During a recent interview with the Two-Man Power Trip of Wrestling Podcast, Chavo Guerrero Sr. discussed his love for pro wrestling, being trainied within his family and more. Here are some highlights:
On being trained within his family: “The Guerrero Family started with my father Gory Guerrero but we also had a school run by my Uncle (Enrique Llanes) and he was a pro wrestler and was also my mother’s brother. That is actually how my father and my mother met. My father and my Uncle were wrestling against each other and at that time things were pretty much so kayfabe and they respected the way they talked to each other outside the ring so my Uncle invited my father over to his house and that is how he met my mother. So later he had a judo school and we there for about two years in Mexico and we would go back and fourth when my father was a wrestler so we would go from state to state every six months and then head back to Mexico here and there so we did some schooling at the Judo school. We just grew up with it all of our lives and that is all we ever wanted to be. My Dad never forced us but he did say if you are going to do it, you are going to be trained by me.”
On emulating his father while practicing with his brothers: “Mando and I are a year and a half apart and at one time when it was just my sister Mary (the eldest of us all) and Mando we would practice and make rings out of whatever we could. We were already wrestling but we were only playing around. We would do the entrances because we would always go around with my Dad to the matches and he was our hero, our Superman, our idol and our everything. So, in our minds that is what we were going to be. The way he trained us, he didn’t say lets learn to drop kick, he taught us the basics and the amateur (which we loved) and the judo-karate and jiu-jitsu.”
On the home footage WWE has used of his family wrestling: “My father shot that footage with an 8MM camera and Vince (McMahon) kind of edited where most of those people wrestling were from my wrestling team but yeah my Dad would take film of us whenever he was around because he was always wrestling. That footage was shot in North Carolina, El Paso, some of it in Amarillo, Texas, St. Louis, Missouri and some of it was in Mexico and this footage is like a world-wide situation.
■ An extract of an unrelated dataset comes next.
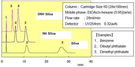 圖1 裸硅膠、NH、DNH硅膠對中性樣品的分離對比
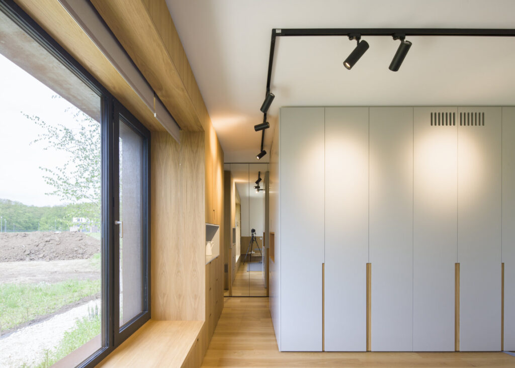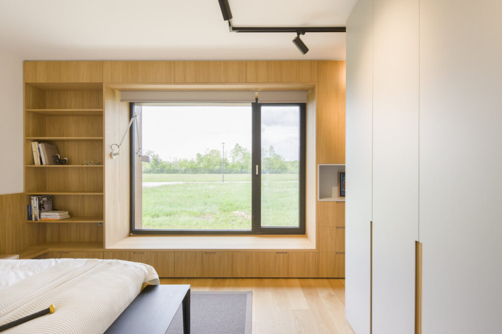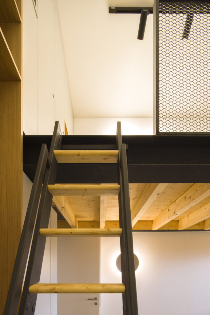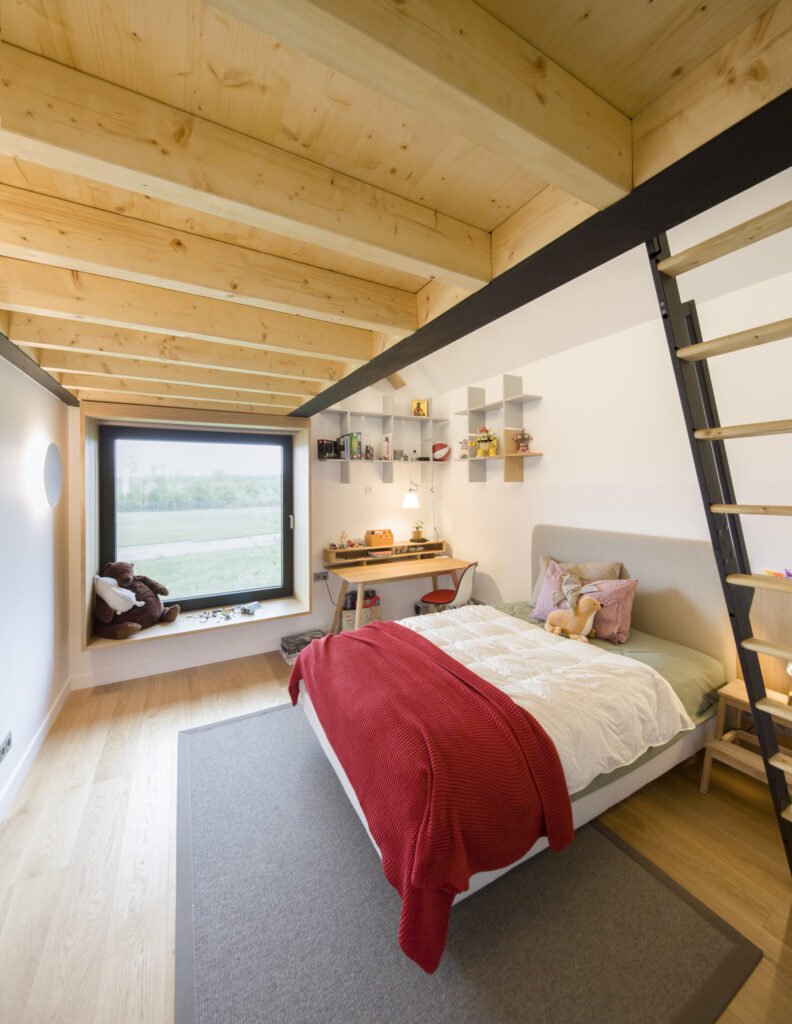 Dormitoarele copiilor sunt amplasate sub acoperiș, iar unul dintre ele include o mică supantă, gândită ca spațiu de joacă. Lemnul cald al pardoselilor contrastează cu elementele metalice brute, păstrând un echilibru vizual plăcut. Ferestrele sunt tratate ca zone de refugiu, cu pervazuri late care pot fi folosite ca băncuțe pentru citit, integrate în mobilier personalizat din stejar.

When Eddie asked me if he can we use it and my Dad had already passed and I think it was Mando is who had the 8MM’s at that point and I sent them to Eddie and said do what you want but remember where it came from. He gave it to Vince for editing and I think he did a good job and helped Eddie out. They returned the tapes and they returned them on DVDs but I never got paid for it but I guess Eddie did. But we really never did think about it because it was just an everyday thing. With my father wrestling it was apart of everyday life and it was normal. I would shine my father’s wrestling shoes and trust me they had to be shiny and would pack his gear with a list because if he got to the arena with missing one shoe or had two different shoes, then you better watch out because you would have been busted for about a week. He was very strict but a perfectionist at that.”
On still working at sixty-seven: “I’m still doing it and I’ll be going to Japan in two weeks at 67 years old and still rolling. I praise God that he still gives me the ability and I still work out and the main thing about it is that I still have fun. It is always fun to get up there and give a good show, not just sit there and use the name. You’ve got to respect your age but you give the people their money’s worth and they will know it and you give them a good match. Who knows maybe another tour here and there, because I am ready for anytime, brother.”